Mediacom Wants Old Subscribers Back

Mediacom Communications reported its best third-quarter results since 2002, with revenue up 11% to $305.6 million and cash flow up 10.3% to $110.8 million.

But subscriber metrics were mixed. While Mediacom continued to pare basic-subscriber declines -- it lost 6,000 basic customers in the period versus a loss of 17,000 in the same period last year -- digital and high-speed-data additions appeared to slow.

Mediacom added 18,000 digital customers in the quarter compared with 22,000 last year, and high-speed-Internet additions, at 28,000 in the period, were only slightly better than the 27,000 the MSO added during the same period in 2005.

The Middletown, N.Y.-based cable company also added about 17,000 telephone customers in the period, down from 20,000 additions in the second quarter. However, if adjusted for bad-debt disconnects of 3,000-4,000 telephone customers in the period, third-quarter growth would have been even with the previous period.

Mediacom ended the period with about 83,000 telephone customers and said the service is available in about 65% of its total footprint. That should expand to 80% by the end of the year.

Executive vice president of operations John Pascarelli said on a conference call with analysts that one of the company’s goals is to win back customers who have left Mediacom for satellite service or for telephone companies offering a package of video (through satellite), voice and digital-subscriber-line high-speed-Internet service.

He added that Mediacom is investigating offering triple-play packages to those former customers.

“We’re going to come up with a little more aggressive offers to those households,” Pascarelli said. “We’ll give them some long-term commitments on pricing for our bundled products, and it will probably be below, on a targeted basis, the $99 [per month] offer.
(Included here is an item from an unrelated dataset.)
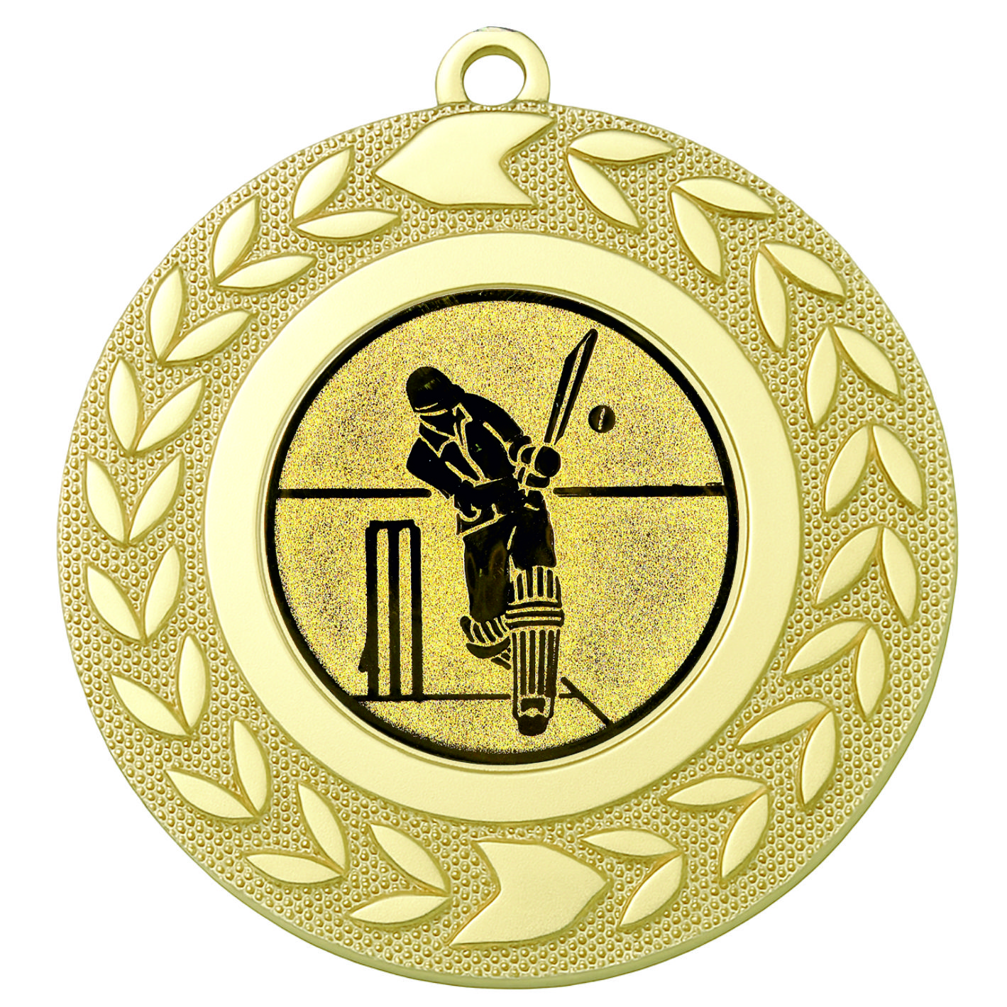 Gold Wreath Cricket Medal - FREE Ribbon - BIE.M9460.01 - This 50mm Metal cast Medal includes a free Cricket logo and free premium quality ribbon.

We’re testing some things right now that we’re planning on using. We’ll be using probably more direct sales next year to hit every home.”
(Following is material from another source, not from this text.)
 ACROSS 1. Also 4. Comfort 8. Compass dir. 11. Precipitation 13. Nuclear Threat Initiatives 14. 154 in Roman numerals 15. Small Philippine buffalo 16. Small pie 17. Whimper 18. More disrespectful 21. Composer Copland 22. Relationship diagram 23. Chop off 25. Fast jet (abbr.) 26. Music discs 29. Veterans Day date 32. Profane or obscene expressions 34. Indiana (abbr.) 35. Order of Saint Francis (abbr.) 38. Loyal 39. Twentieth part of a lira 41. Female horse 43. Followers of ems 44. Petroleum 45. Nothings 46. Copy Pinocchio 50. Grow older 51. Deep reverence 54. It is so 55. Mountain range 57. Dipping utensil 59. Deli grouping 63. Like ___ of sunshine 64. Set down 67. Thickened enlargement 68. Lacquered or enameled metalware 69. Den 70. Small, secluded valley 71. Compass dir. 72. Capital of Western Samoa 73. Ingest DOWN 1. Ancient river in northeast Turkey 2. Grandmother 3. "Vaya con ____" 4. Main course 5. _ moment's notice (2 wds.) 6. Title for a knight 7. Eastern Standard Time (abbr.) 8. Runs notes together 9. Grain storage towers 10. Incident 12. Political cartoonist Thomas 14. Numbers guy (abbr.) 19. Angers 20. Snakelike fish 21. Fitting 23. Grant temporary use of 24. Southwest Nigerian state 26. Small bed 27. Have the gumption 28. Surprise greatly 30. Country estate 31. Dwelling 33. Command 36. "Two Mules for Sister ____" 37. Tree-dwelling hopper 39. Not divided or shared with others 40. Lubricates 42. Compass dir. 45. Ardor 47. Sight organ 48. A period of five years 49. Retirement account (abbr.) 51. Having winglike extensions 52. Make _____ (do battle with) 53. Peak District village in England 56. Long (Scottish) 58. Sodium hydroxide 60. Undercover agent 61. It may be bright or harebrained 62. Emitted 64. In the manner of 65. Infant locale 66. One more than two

Mediacom chairman Rocco Commisso also addressed the company’s recent battle with Sinclair Broadcast Group over retransmission consent (www.multichannel.com/article/CA6387051.html). Commisso said that on Sept. 28 “at exactly 3:48 p.m.,” Sinclair broke off negotiations with Mediacom and pulled the plug on its broadcast stations in Mediacom territories.

Mediacom filed an antitrust suit against Sinclair in federal court in Iowa last month, and it filed a compliant with the Federal Communications Commission Tuesday to force Sinclair back to the negotiating table and to allow Mediacom to carry the stations while it works out the dispute.

“We are ready to sit down with Sinclair at any time or any place to negotiate a fair market-driven deal,” Commisso said on the conference call. “We have already told Sinclair that we’re asking for nothing better or nothing worse than the deals they have already claimed to have negotiated with Comcast or Insight [Communications]. Alternatively, they can have any deals we have negotiated with any of the other 475 stations in our markets.”

Later, Commisso said the dispute primarily revolves around pricing and bundling, although he would not reveal what price Sinclair is asking for. According to Mediacom, Sinclair desired to bundle its major network-affiliate stations -- ABC, NBC, CBS and Fox -- with stations affiliated with fledgling broadcasters MyNetworkTV and The CW.

“We told them we were not interested in carrying those stations because they are unproven and not worth the price they were asking for. Their strategy was it’s all or nothing,” Commisso added.